Sometimes industry growth predictions seem as though the analyst just took a straight line and stretched it up and to the right to indicate exponential growth. A current example is the global cloud market, which is predicted to become a $1.5 trillion opportunity, growing at a compound annual rate of nearly 16% through 2030.

In this case, current predictions might actually hit their mark. There are massive forces behind this market's expansion that could push it to these heights, such as the continuous growth in the number of businesses moving their data to the cloud. They're going to need the infrastructure to enable the transfer as well as the capabilities to access, maintain, and analyze it.
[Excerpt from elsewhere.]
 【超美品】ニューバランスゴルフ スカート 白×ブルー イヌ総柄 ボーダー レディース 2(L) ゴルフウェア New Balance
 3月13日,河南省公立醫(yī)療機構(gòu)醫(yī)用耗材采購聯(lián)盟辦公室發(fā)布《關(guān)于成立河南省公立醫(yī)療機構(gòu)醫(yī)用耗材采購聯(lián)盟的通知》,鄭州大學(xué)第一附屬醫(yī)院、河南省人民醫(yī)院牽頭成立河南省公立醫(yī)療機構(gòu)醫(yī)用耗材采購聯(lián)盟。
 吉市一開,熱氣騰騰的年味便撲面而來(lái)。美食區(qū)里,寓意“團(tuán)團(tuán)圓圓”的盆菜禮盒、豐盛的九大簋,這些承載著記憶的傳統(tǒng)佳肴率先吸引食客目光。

And it's going to require corporate IT budgets to swell to meet the challenge, which is why the two stocks below are among the best cloud stocks to buy in July.

Person holding digital cloud and services in hand.
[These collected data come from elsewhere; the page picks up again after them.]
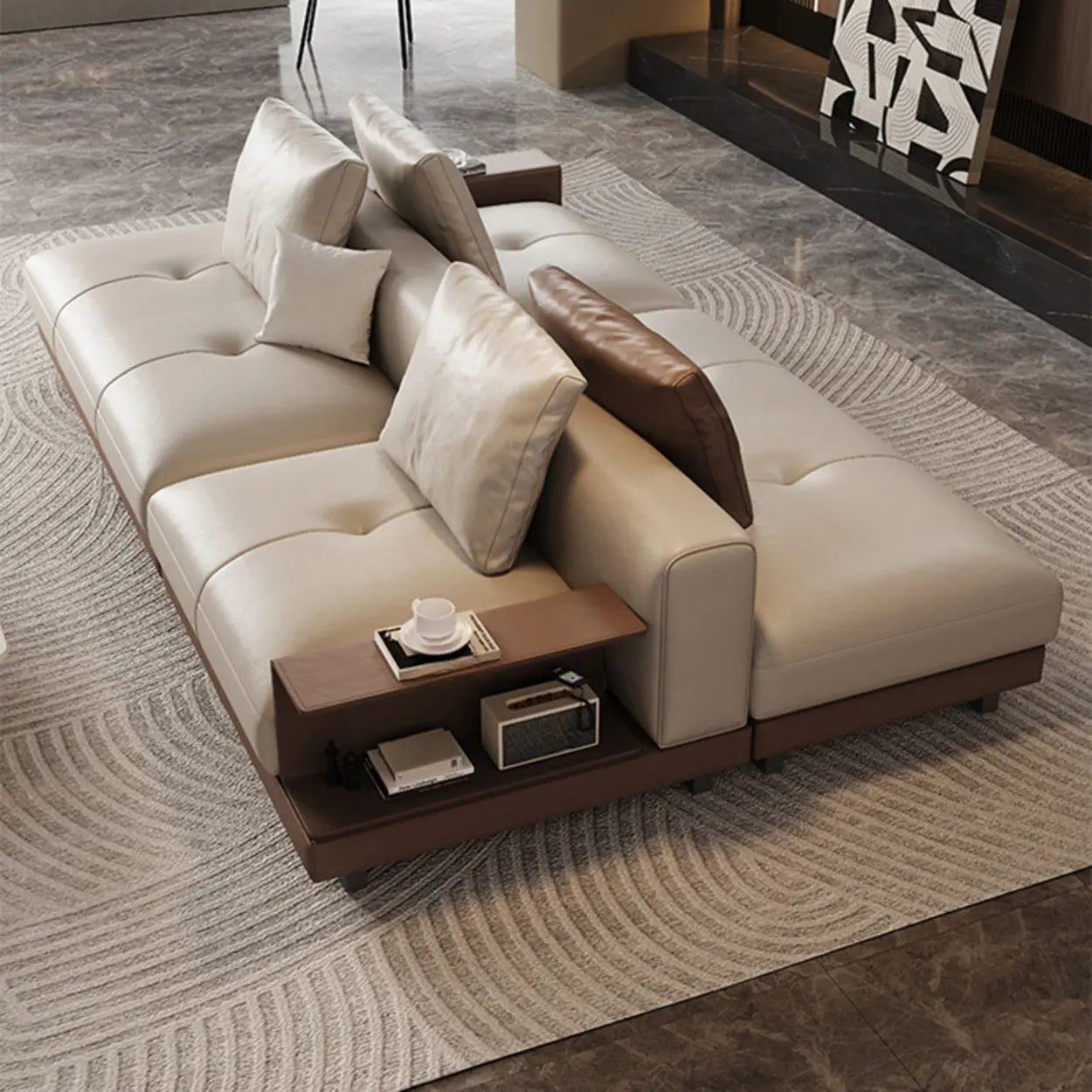 This modern leather sofa combines elegance and comfort, making it an ideal choice for interior furniture. The beige hue adds elegance and harmony to your space. Its superior design makes it a great choice for relaxation and entertaining.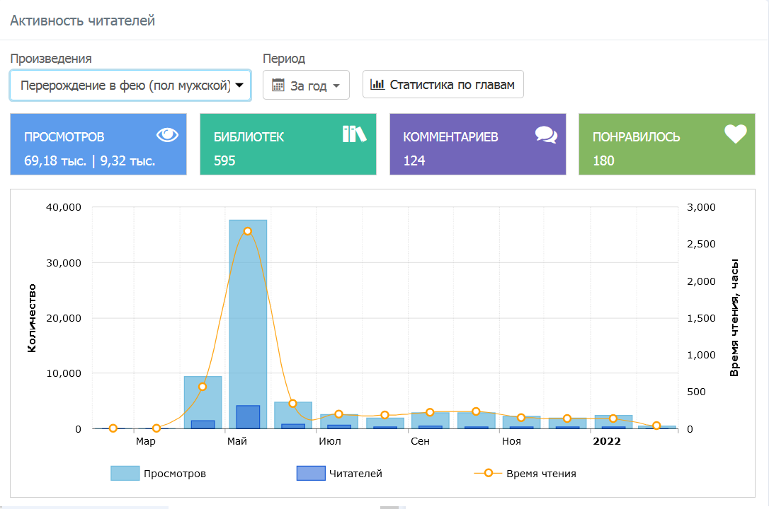 У меня на 07.02.22 у Перерождение в фею (пол мужской) на странице произведения 60к просмотров, а в разделе "Активность читателей" 69к.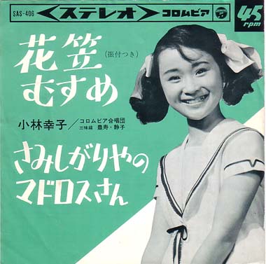 若ーッ!若いというより子供ですねまだ、ほんの。64年“ひばり二世”などと謳われ華々しくデビューした少女時代の小林幸子、レコードはあまり入りません。これは65年に発売された「花笠むすめ」で4枚目、11歳の頃のシングルです。その歌唱力は当時から折り紙つきで古賀政男先生も絶賛する逸材。幼さは勿論あるけれどもコロコロと回るコブシは現在を髣髴とさせ、歌手としての基盤が既に出来ていることに驚きますね。B面「さみしがりやのマドロスさん」では少し大人びて、去り行くマドロス男を見送る女の子を可愛らしく歌ってます。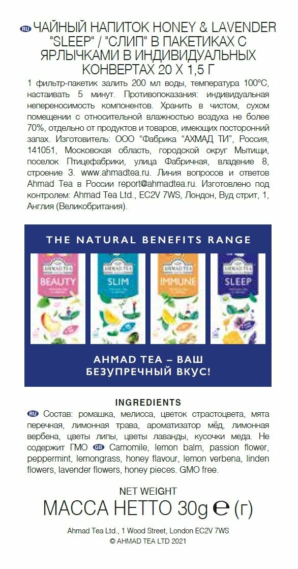 Чайный напиток "Ahmad Tea", Слип, пакетики с ярлычками в индивидуальных конвертах, 20х1,5г информация: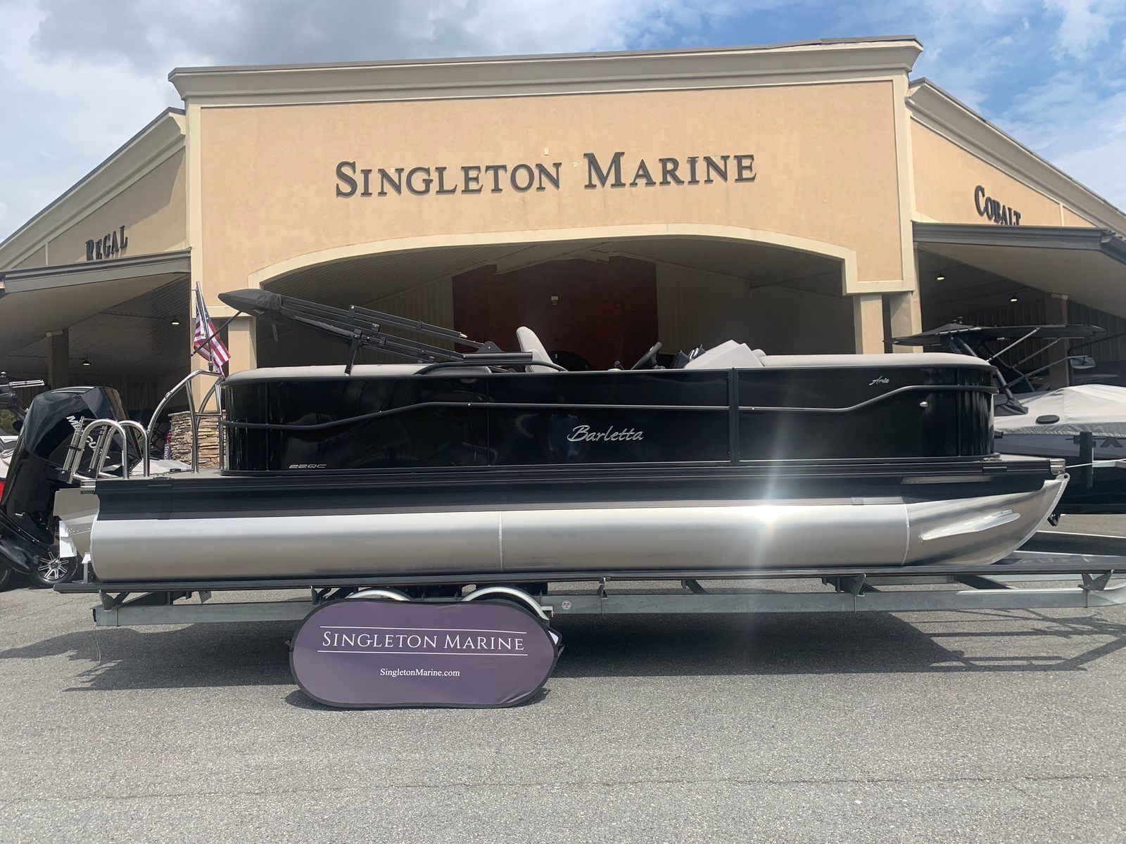 The Barletta Aria A22QC-Platinum is packed with premium features designed to enhance comfort, convenience, and style. The Blackout Package Aria offers a bold and contemporary aesthetic, while the Stainless Steel Flag Pole with American Flag adds a touch of patriotic flair to your vessel. At the helm, the Simrad 7" G07 XSE provides advanced navigation and system monitoring, keeping you informed and in control at all times.Inside, the Tempest Gray furniture creates a welcoming and luxurious atmosphere, perfect for relaxing or entertaining guests. The Triple Toon Package Aria not only improves stability and performance but also enables the inclusion of In Floor Midship Storage, offering ample space for gear, water toys, and personal belongings. Every detail is thoughtfully designed to ensure your time on the water is as enjoyable and stress-free as possible.

Image source: Getty Images.

1. Amazon

These days, Amazon (AMZN -0.16%) gets as much recognition for its cloud business, Amazon Web Services (AWS), as it does for its e-commerce operations. It might be better known for the latter, but AWS has been the power and profit center driving Amazon's growth for a while now.

Revenue in the cloud business jumped 37% last year, hitting $62 billion as more customers used more of its services -- and this pace shows no sign of slowing. Revenue was up another 37% in the first quarter of this year and will likely expand as AWS increases its own capabilities. 
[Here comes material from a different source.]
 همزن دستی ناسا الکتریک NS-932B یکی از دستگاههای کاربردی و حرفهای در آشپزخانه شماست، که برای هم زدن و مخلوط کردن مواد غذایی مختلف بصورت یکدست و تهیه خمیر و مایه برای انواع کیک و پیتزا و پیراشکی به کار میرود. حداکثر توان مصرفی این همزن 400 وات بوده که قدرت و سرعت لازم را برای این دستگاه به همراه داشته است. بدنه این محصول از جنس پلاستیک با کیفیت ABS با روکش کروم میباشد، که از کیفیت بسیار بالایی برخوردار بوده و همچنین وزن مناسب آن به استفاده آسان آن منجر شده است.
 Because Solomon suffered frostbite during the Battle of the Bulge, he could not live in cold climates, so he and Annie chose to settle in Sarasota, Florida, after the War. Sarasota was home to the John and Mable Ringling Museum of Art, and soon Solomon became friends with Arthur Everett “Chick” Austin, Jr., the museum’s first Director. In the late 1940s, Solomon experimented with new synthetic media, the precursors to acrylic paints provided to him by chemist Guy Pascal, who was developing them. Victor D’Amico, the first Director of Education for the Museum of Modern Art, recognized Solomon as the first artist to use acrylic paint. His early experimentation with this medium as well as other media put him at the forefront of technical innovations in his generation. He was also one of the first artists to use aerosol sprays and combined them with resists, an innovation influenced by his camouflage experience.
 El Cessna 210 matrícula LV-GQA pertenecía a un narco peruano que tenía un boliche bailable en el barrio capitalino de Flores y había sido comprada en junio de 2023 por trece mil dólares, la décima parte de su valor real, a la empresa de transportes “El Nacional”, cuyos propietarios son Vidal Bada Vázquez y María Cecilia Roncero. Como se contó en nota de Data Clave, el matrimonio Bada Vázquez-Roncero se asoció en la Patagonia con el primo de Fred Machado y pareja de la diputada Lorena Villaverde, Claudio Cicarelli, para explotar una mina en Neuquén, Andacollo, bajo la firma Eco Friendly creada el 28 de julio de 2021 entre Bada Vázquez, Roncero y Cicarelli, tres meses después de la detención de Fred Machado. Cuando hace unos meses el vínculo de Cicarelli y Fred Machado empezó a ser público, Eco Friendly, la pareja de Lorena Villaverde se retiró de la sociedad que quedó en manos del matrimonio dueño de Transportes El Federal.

Amazon has launched 16 "local zones" or what it says is a type of infrastructure deployment that puts storage, database, and other AWS services closer to large population, industry, or information technology centers. This will help AWS customers build applications that globally deliver split-second latency -- or the time it takes for a packet of data to travel from source to a destination -- at the edge of the cloud, critical services for streaming video, online gaming, and augmented and virtual reality.

AWS is already the dominant cloud-infrastructure leader with a 33% share of the market, while Microsoft's Azure is further back with a 21% share, and Alphabet's Google Cloud is a distant third with an 8% share.

With Amazon's stock down 30% this year and off 40% from its high, this represents a discounted opportunity (with an e-commerce kicker to juice results) as Wall Street estimates the tech giant will grow earnings at a 40% clip over the next five years.

2. Snowflake

Snowflake (SNOW -1.10%) might seem like just another data warehousing stock, but it actually has a competitive edge because it breaks down the silos between computing and storage. Its advanced platform automatically scales so that customers are only paying for the workload they need, unlike most other providers who scale based on the largest workload.

All of this means that its customers save money. Snowflake allows its customers to warehouse their data in one place while right-sizing their computing needs independently. The company's technology is built on top of various popular cloud services, enabling companies to share their data even if they're not using the same infrastructure service providers.

Business is growing, and dramatically so. Snowflake's revenue more than doubled last year to $1.14 billion, generating an adjusted profit margin of 74%. It also is not taking a breather as first-quarter revenue was up 85% year over year, while its net revenue retention rate (or how much more a customer spends with the company than in a previous period) was 174%, on par with the 178% rate it recorded for all of 2021.

Snowflake has lost over half its value this year, but with analysts forecasting revenue growing from $1.2 billion last year to $10.2 billion in 2027 -- or a 53% compound annual rate -- there's plenty of long-term upside ahead.